# [DATA LISTING]

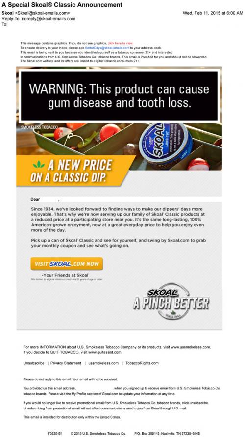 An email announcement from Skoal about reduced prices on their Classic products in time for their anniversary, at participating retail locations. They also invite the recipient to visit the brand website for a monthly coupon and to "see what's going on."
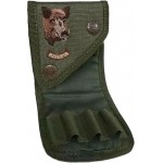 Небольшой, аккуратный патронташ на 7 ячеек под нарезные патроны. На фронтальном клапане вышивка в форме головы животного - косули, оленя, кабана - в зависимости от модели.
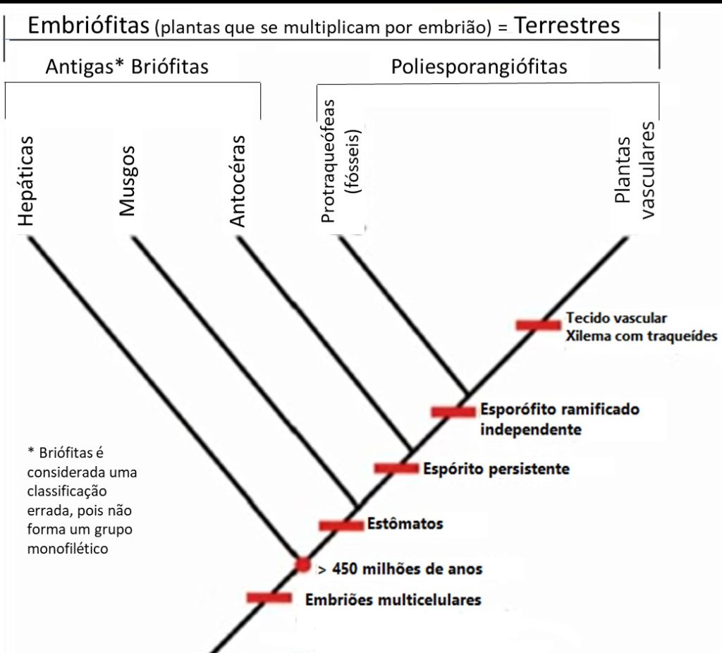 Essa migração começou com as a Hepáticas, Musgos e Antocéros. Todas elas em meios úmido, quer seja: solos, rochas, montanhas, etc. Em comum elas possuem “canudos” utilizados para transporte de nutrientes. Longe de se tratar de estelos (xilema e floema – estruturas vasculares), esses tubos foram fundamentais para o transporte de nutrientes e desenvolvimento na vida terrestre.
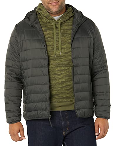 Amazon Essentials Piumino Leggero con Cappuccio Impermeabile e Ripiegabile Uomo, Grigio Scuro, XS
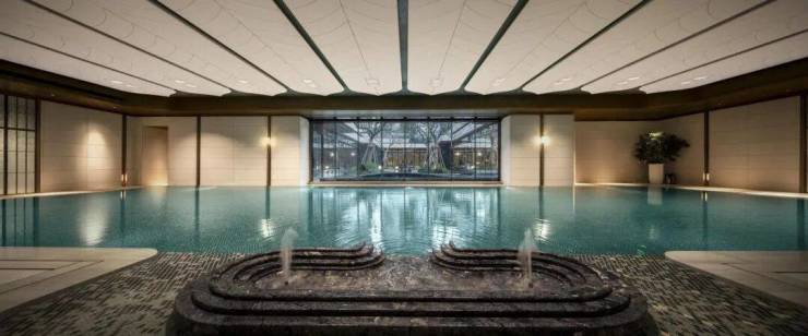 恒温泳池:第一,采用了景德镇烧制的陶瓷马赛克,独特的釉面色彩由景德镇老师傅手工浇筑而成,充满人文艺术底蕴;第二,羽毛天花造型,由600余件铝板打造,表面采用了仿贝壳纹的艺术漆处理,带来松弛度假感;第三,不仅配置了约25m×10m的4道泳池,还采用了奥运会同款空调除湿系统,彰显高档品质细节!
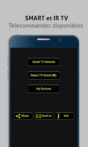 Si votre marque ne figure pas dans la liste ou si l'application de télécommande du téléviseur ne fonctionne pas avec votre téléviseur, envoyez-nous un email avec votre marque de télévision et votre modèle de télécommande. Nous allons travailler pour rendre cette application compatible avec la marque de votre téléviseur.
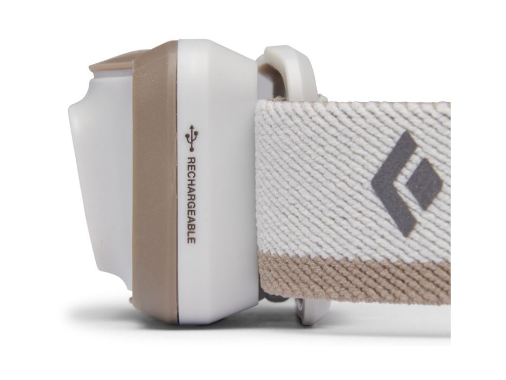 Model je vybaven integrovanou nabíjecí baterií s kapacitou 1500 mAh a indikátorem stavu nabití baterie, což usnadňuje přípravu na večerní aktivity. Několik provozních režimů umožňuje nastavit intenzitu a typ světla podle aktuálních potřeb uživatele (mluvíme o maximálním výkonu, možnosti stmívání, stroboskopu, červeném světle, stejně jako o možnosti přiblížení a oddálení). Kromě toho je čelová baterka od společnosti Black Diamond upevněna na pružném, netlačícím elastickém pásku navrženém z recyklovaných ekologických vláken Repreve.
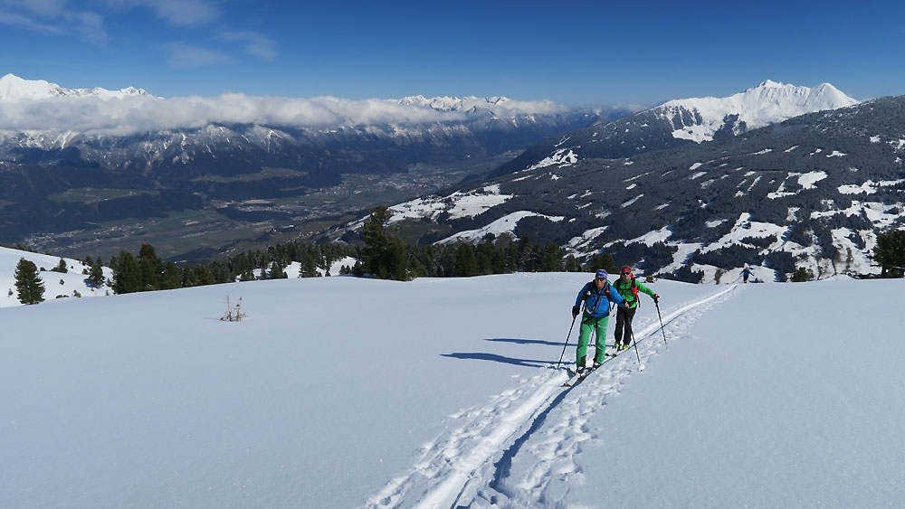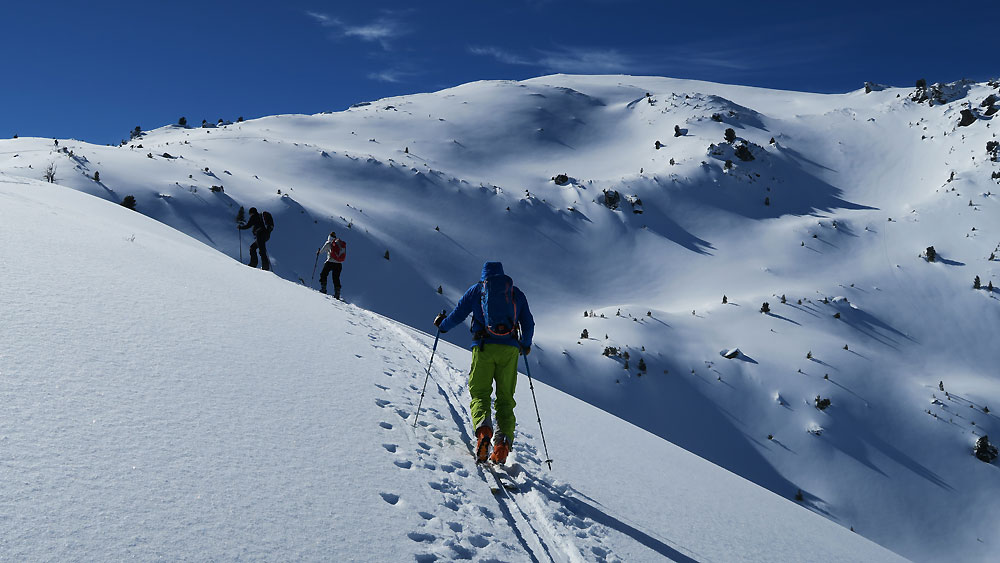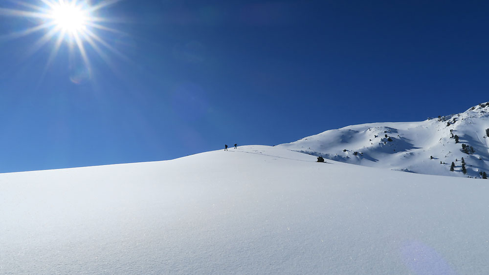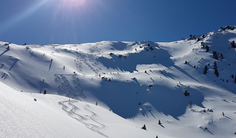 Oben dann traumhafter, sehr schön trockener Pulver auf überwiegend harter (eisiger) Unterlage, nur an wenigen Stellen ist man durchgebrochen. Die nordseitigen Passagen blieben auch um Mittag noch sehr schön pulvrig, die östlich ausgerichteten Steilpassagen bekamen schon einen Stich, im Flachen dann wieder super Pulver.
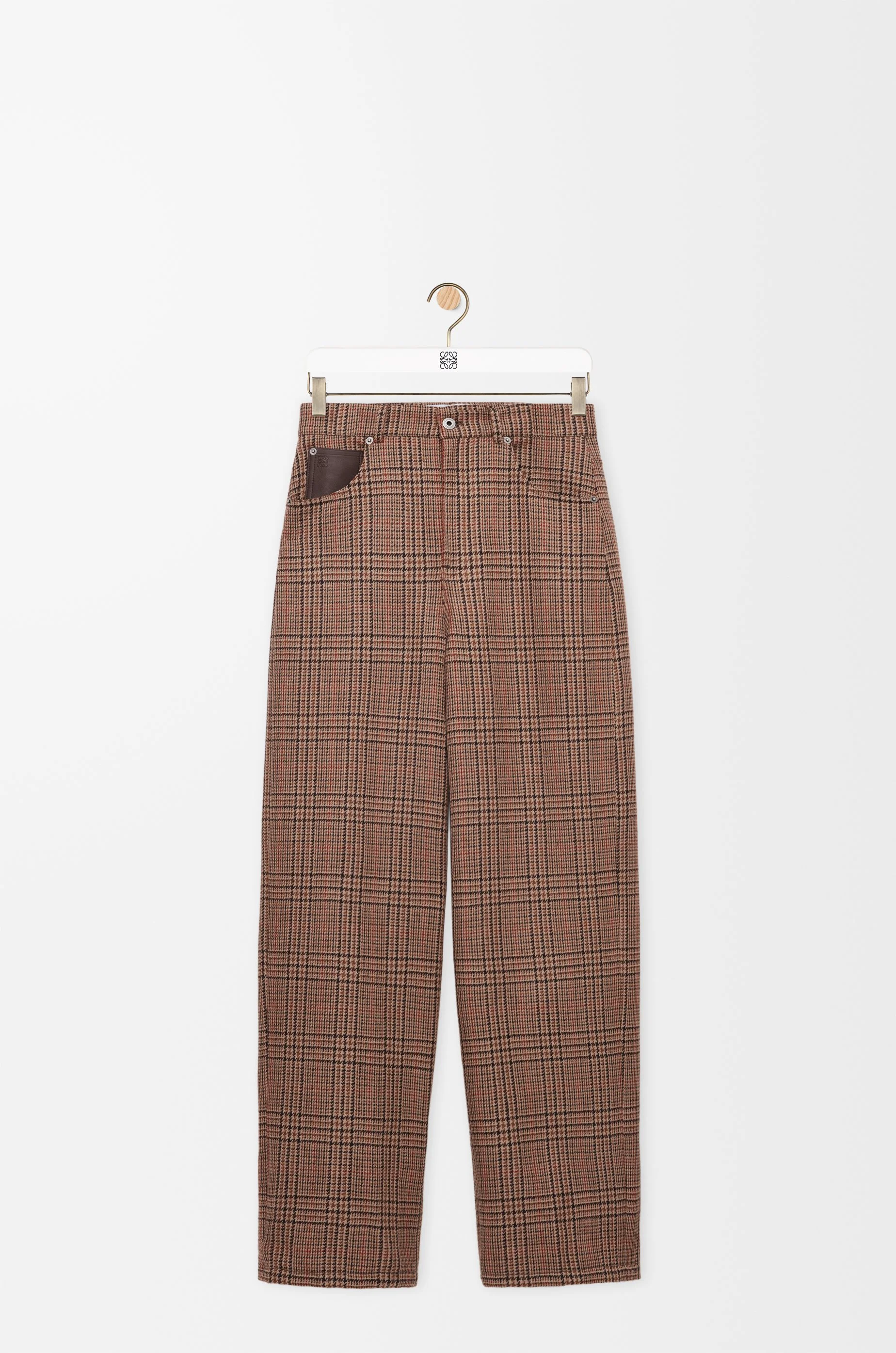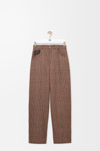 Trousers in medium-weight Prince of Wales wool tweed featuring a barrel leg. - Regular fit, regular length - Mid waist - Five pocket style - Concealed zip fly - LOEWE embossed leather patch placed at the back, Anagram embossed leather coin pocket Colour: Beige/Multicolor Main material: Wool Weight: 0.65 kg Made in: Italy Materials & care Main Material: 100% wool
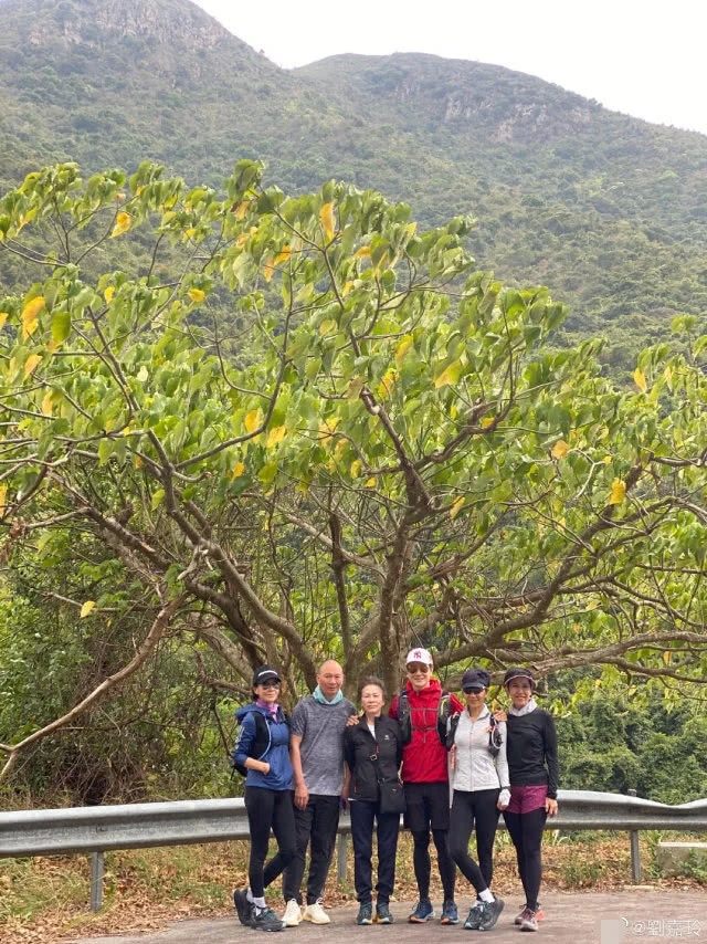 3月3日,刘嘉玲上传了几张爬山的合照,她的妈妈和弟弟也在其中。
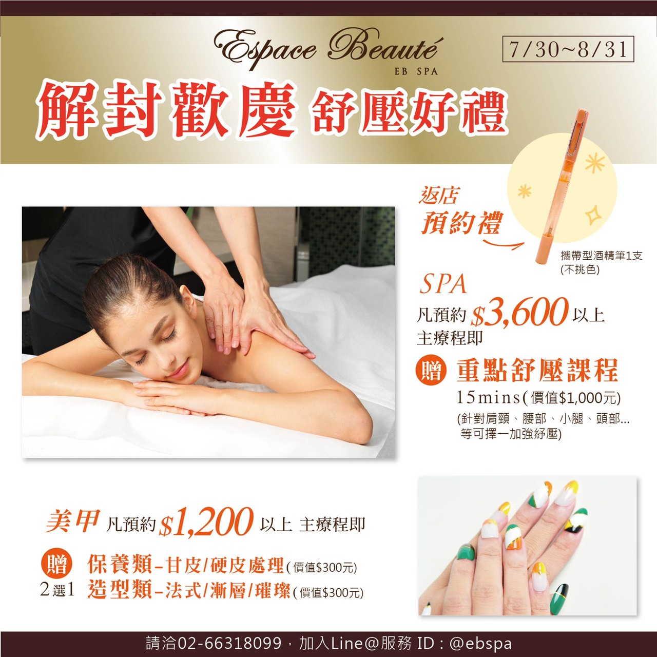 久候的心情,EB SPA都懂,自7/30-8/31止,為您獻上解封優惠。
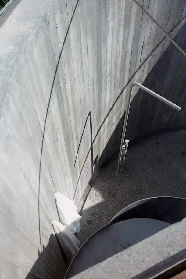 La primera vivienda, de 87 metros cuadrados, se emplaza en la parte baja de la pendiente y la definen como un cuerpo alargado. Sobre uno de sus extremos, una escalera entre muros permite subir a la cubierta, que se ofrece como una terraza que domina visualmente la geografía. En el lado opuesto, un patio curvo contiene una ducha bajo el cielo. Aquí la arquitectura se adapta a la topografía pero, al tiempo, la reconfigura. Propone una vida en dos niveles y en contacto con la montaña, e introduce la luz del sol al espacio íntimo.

# [EXERCISE DETAILS]
All of the entries must be reproduced exactly, apart from the pictures, which are to be dropped.

# [SOLUTION TO THIS PROBLEM]
 An email announcement from Skoal about reduced prices on their Classic products in time for their anniversary, at participating retail locations. They also invite the recipient to visit the brand website for a monthly coupon and to "see what's going on."
 Небольшой, аккуратный патронташ на 7 ячеек под нарезные патроны. На фронтальном клапане вышивка в форме головы животного - косули, оленя, кабана - в зависимости от модели.
 Essa migração começou com as a Hepáticas, Musgos e Antocéros. Todas elas em meios úmido, quer seja: solos, rochas, montanhas, etc. Em comum elas possuem “canudos” utilizados para transporte de nutrientes. Longe de se tratar de estelos (xilema e floema – estruturas vasculares), esses tubos foram fundamentais para o transporte de nutrientes e desenvolvimento na vida terrestre.
 Amazon Essentials Piumino Leggero con Cappuccio Impermeabile e Ripiegabile Uomo, Grigio Scuro, XS
 恒温泳池:第一,采用了景德镇烧制的陶瓷马赛克,独特的釉面色彩由景德镇老师傅手工浇筑而成,充满人文艺术底蕴;第二,羽毛天花造型,由600余件铝板打造,表面采用了仿贝壳纹的艺术漆处理,带来松弛度假感;第三,不仅配置了约25m×10m的4道泳池,还采用了奥运会同款空调除湿系统,彰显高档品质细节!
 Si votre marque ne figure pas dans la liste ou si l'application de télécommande du téléviseur ne fonctionne pas avec votre téléviseur, envoyez-nous un email avec votre marque de télévision et votre modèle de télécommande. Nous allons travailler pour rendre cette application compatible avec la marque de votre téléviseur.
 Model je vybaven integrovanou nabíjecí baterií s kapacitou 1500 mAh a indikátorem stavu nabití baterie, což usnadňuje přípravu na večerní aktivity. Několik provozních režimů umožňuje nastavit intenzitu a typ světla podle aktuálních potřeb uživatele (mluvíme o maximálním výkonu, možnosti stmívání, stroboskopu, červeném světle, stejně jako o možnosti přiblížení a oddálení). Kromě toho je čelová baterka od společnosti Black Diamond upevněna na pružném, netlačícím elastickém pásku navrženém z recyklovaných ekologických vláken Repreve.
 Oben dann traumhafter, sehr schön trockener Pulver auf überwiegend harter (eisiger) Unterlage, nur an wenigen Stellen ist man durchgebrochen. Die nordseitigen Passagen blieben auch um Mittag noch sehr schön pulvrig, die östlich ausgerichteten Steilpassagen bekamen schon einen Stich, im Flachen dann wieder super Pulver.
 Trousers in medium-weight Prince of Wales wool tweed featuring a barrel leg. - Regular fit, regular length - Mid waist - Five pocket style - Concealed zip fly - LOEWE embossed leather patch placed at the back, Anagram embossed leather coin pocket Colour: Beige/Multicolor Main material: Wool Weight: 0.65 kg Made in: Italy Materials & care Main Material: 100% wool
 3月3日,刘嘉玲上传了几张爬山的合照,她的妈妈和弟弟也在其中。
 久候的心情,EB SPA都懂,自7/30-8/31止,為您獻上解封優惠。
 La primera vivienda, de 87 metros cuadrados, se emplaza en la parte baja de la pendiente y la definen como un cuerpo alargado. Sobre uno de sus extremos, una escalera entre muros permite subir a la cubierta, que se ofrece como una terraza que domina visualmente la geografía. En el lado opuesto, un patio curvo contiene una ducha bajo el cielo. Aquí la arquitectura se adapta a la topografía pero, al tiempo, la reconfigura. Propone una vida en dos niveles y en contacto con la montaña, e introduce la luz del sol al espacio íntimo.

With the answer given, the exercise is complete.